Tips for allocating Job Resources
Cherry-creek currently two types of compute nodes:
cp | 48 "penguin" cherry-creek 2 (Penguin Computing Relion Servers) nodes (2 Intel Xeon E5-2640v3 8 core, 128Gb ram) |
ci | 24 "waterfall" cherry-creek 2 (Intel Servers) nodes (2 Intel Xeon E5-2697v2 12core, 192Gb ram) Please do not specifically request "ci" nodes unless your jobs need the additional memory. |
The "ci" nodes are typically very busy with long running jobs. If you request that your jobs run on them, they may wait a significant amount of time before the "ci" modes will become available.

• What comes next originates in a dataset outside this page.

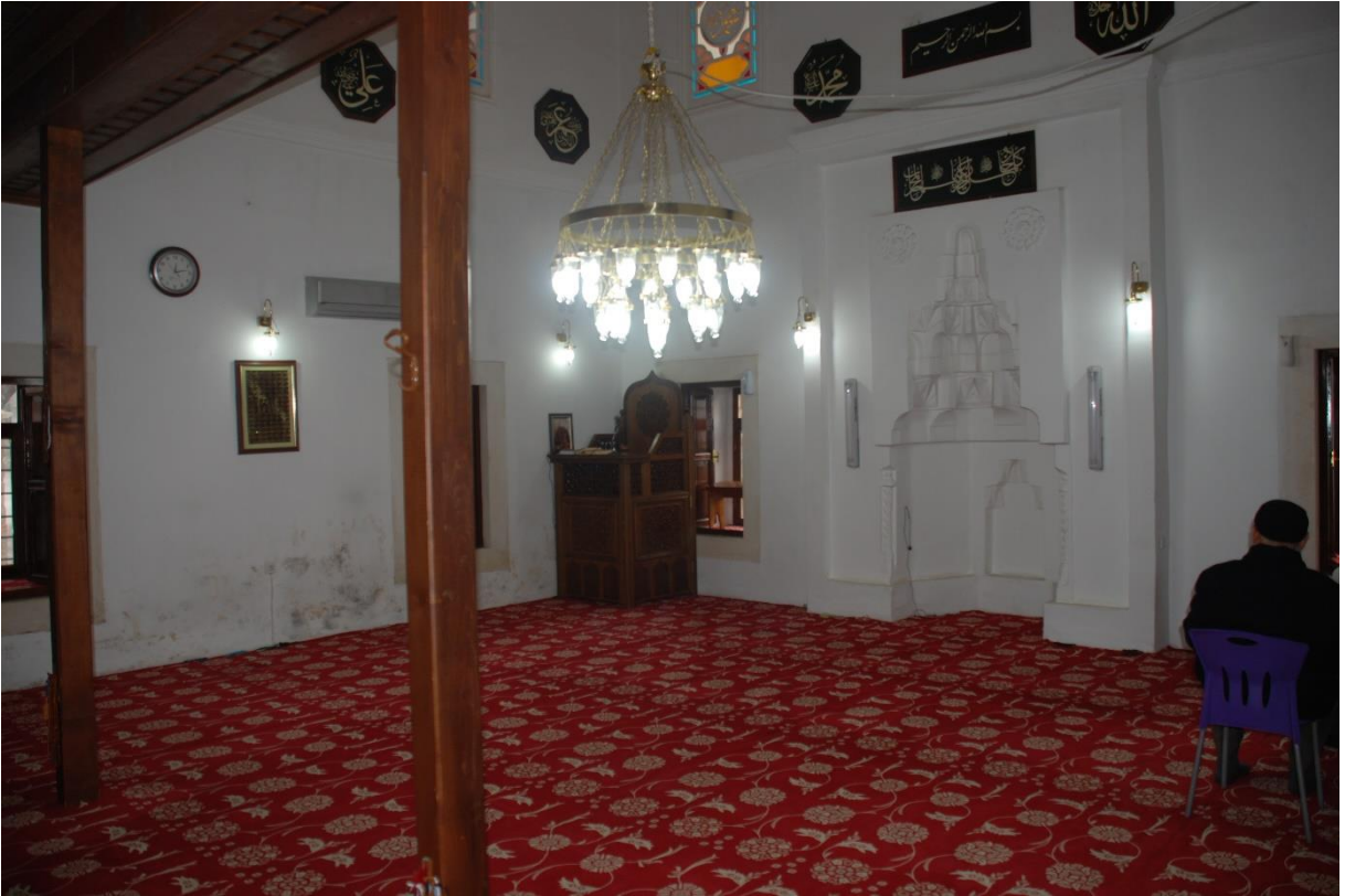
Res. 13: Alaca Mustafa Paşa Camii harimi

Example resource specifications
The following are commonly used resource allocation parameters:
walltime=# | this is the TOTAL wall time that the job will be allowed to run (format: HH:MM:SS (hours, minutes, seconds)). There are limits placed on different job queues. The normal queue (workq) is limited to 744 hours (approx. 30 days), and the test queue (small) is limited to 15 minutes. |
select=# | this tells PBS/Pro that the following settings are to be applied to this number of separate nodes (known as a "chunk"). |
ncpus=# | specifies the number of # cpu cores to be assigned to this chunk. |
mpiprocs=# | specifies the number of # MPI processes assigned to this chunk. (Normally this is the same as the ncpus value). |
mem=# | specifies the amount of memory (in mb, gb, etc) to be assigned to this chunk. |
cput=# | specifies the amount of cpu time for the chunk (format: HH:MM:SS (hours, minutes, seconds)). A reasonable value for cpu time is the number of mpiprocs*walltime. |
Qlist=string | Specifies the type of node to run on cp,ci are the current choices. |
For example, your MPI job requires 2 chunks of four cpu cores. It also requires 30Gb of memory and you want it to run on a ci node. The resource request would look like:
#PBS -q workq
#PBS -l walltime=24:00:00
#PBS -l select=2:ncpus=4:mpiprocs=4:mem=30gb:cput=96:00:00:Qlist=ci
Also, the system may use as much as 4Gb of ram for the operating system on each node, so do not allocate more than 124Gb on the cp nodes, or 188Gb for the ci nodes. If you instruct PBS that you need more memory than is available the job will sit in a queue until a node with sufficient memory is available (which may never happen).